Weiß net obs jemand schon mal gepostet hat und is jetzt zwar net in Nbg. aber in der Umgebung. Und zwar Herobikes in Roth    

Gruß Showman


----------



## MasterChris (24. April 2006)

Stadler taucht keinen Cent.
da kannst du nur hin wenn du weist was du willst...
Beratung und Service dort ist gleich NULL !!!

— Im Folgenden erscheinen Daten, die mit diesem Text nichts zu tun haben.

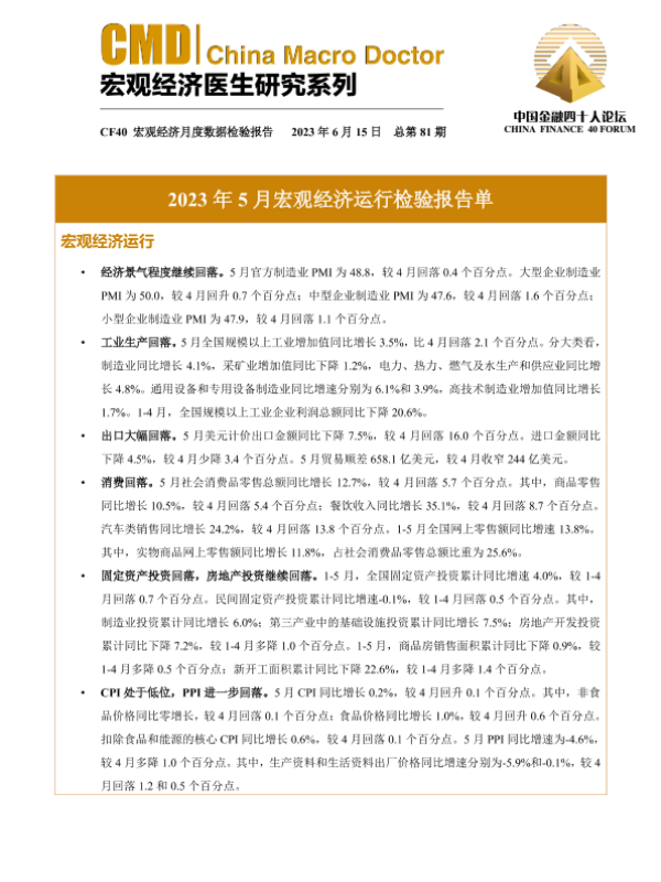 【金融四十人论坛】【20230615】2023年5月宏观经济运行检验报告单-6页

Ich bin seit Jahren im Adrenalin in Fürth Kunde und sehr zufrieden 
Arne der Mechaniker hats drauf ... ist zwar nicht immer billig dort, aber für guten Service und gute Beratung zahle ich gerne mal etwas mehr.
http://www.adrenalin.info/adrenalin_intro.html


----------



## SoN!c (24. April 2006)

naja meiner meinung nach finde ich auch das die null ahnung haben da kommt so ein fritze und meint ja der is gut BLA BLA des hab ich gesehen .
ne in der beratung geb ich von 10 punkten 1 punk


----------



## Ken****Barbie (24. April 2006)

SoN!c schrieb:
			
		

> naja meiner meinung nach finde ich auch das die null ahnung haben da kommt so ein fritze und meint ja der is gut BLA BLA des hab ich gesehen .
> ne in der beratung geb ich von 10 punkten 1 punk



wer braucht schon eine Beratung???? wenn ich z.B XT Scheiben will ist der Stadler teilweise unschlagbar. Wenn ich net weiss was ich kaufen soll, weil ich net weiss was ich für ein Fahrer bin, dann hab ich eben Pech.


----------



## MTB-News.de




----------



## Buh Tha Monsta (24. April 2006)

also da ich neulich ma ne reihe von gegenständen brauchte hab ich mal son bischen die preise verglichen zwischen stadler und nem internetversand:
(will ja jetzt keine werbung machen)
aber bei lx ritzel war der stadler 10 euro teurer
xt kette war stadler 7 euro teurer
Mavic xm 321 Felge war stadler 7 euro teurer
Nobby nic war stadler 9 euro teurer

mir is klar das da einige leute beim stadler rumstehn aber wenn ich weiss was ich will und es net eillig hab dann bestell ich doch lieber.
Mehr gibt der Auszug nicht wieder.